Metadata-Version: 2.4
Name: grammarinator
Version: 23.7.post201+ga34191ac3
Summary: Grammarinator: Grammar-based Random Test Generator
Home-page: https://github.com/renatahodovan/grammarinator
Author: Renata Hodovan, Akos Kiss
Author-email: hodovan@inf.u-szeged.hu, akiss@inf.u-szeged.hu
License-Expression: BSD-3-Clause
Platform: any
Classifier: Intended Audience :: Developers
Classifier: Operating System :: OS Independent
Classifier: Programming Language :: Python
Classifier: Programming Language :: Python :: 3
Classifier: Programming Language :: Python :: 3.9
Classifier: Programming Language :: Python :: 3.10
Classifier: Programming Language :: Python :: 3.11
Classifier: Programming Language :: Python :: 3.12
Classifier: Programming Language :: Python :: 3.13
Classifier: Topic :: Software Development :: Code Generators
Classifier: Topic :: Software Development :: Testing
Classifier: Typing :: Typed
Requires-Python: >=3.9
Description-Content-Type: text/x-rst
License-File: LICENSE.rst
Requires-Dist: antlerinator>=1!3.0.0
Requires-Dist: antlr4-python3-runtime==4.13.2
Requires-Dist: autopep8
Requires-Dist: enlighten
Requires-Dist: flatbuffers==24.12.23
Requires-Dist: inators
Requires-Dist: jinja2
Requires-Dist: regex
Requires-Dist: xxhash
Dynamic: license-file
Dynamic: license-expression

=============
Grammarinator
=============
*ANTLRv4 grammar-based test generator*

.. image:: https://img.shields.io/pypi/v/grammarinator?logo=python&logoColor=white
   :target: https://pypi.org/project/grammarinator/
.. image:: https://img.shields.io/pypi/l/grammarinator?logo=open-source-initiative&logoColor=white
   :target: https://pypi.org/project/grammarinator/
.. image:: https://img.shields.io/github/actions/workflow/status/renatahodovan/grammarinator/main.yml?branch=master&logo=github&logoColor=white
   :target: https://github.com/renatahodovan/grammarinator/actions
.. image:: https://img.shields.io/coveralls/github/renatahodovan/grammarinator/master?logo=coveralls&logoColor=white
   :target: https://coveralls.io/github/renatahodovan/grammarinator
.. image:: https://img.shields.io/readthedocs/grammarinator?logo=read-the-docs&logoColor=white
   :target: http://grammarinator.readthedocs.io/en/latest/

.. start included documentation

*Grammarinator* is a random test generator / fuzzer that creates test cases
according to an input ANTLR_ v4 grammar.
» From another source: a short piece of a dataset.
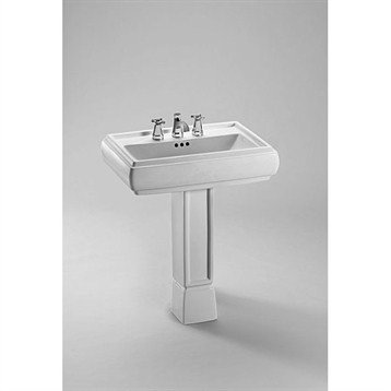 TOTO Ethos(TM) Design NI Lavatory w/ SanaGloss (Sink Only)?Representing the cache of Park Avenue, Central Park and Fifth Avenue, the Ethos(TM) Design NI exudes class, distinction and style. From the strong, sculpted lavatory to the vintage-inspired faucet and handles, this dazzling combination revives the Golden Age of Architecture in New York. Available with single hole, 4 inch, or 8 inch faucet mounts. Pedestal* NOT included, but available. Features & Specs SanaGloss glazing: Super smooth glazing helps keep lavatory clean Rear overflow Complete with mounting hardware One Year Limited Warranty View Spec Sheet Dimensions Width Depth 28 3/4 Inch 18 7/8 Inch *Pedestal required for support.

The motivation behind this
grammar-based approach is to leverage the large variety of publicly
available `ANTLR v4 grammars`_. It includes both a Python-based and a
high-performance C++ backend for generation.

The `trophy page`_ of the found issues is available from the wiki.

.. _ANTLR: http://www.antlr.org
.. _`ANTLR v4 grammars`: https://github.com/antlr/grammars-v4
.. _`trophy page`: https://github.com/renatahodovan/grammarinator/wiki


Requirements
============

* Python_ >= 3.9
* Java_ SE >= 11 JRE or JDK (the latter is optional)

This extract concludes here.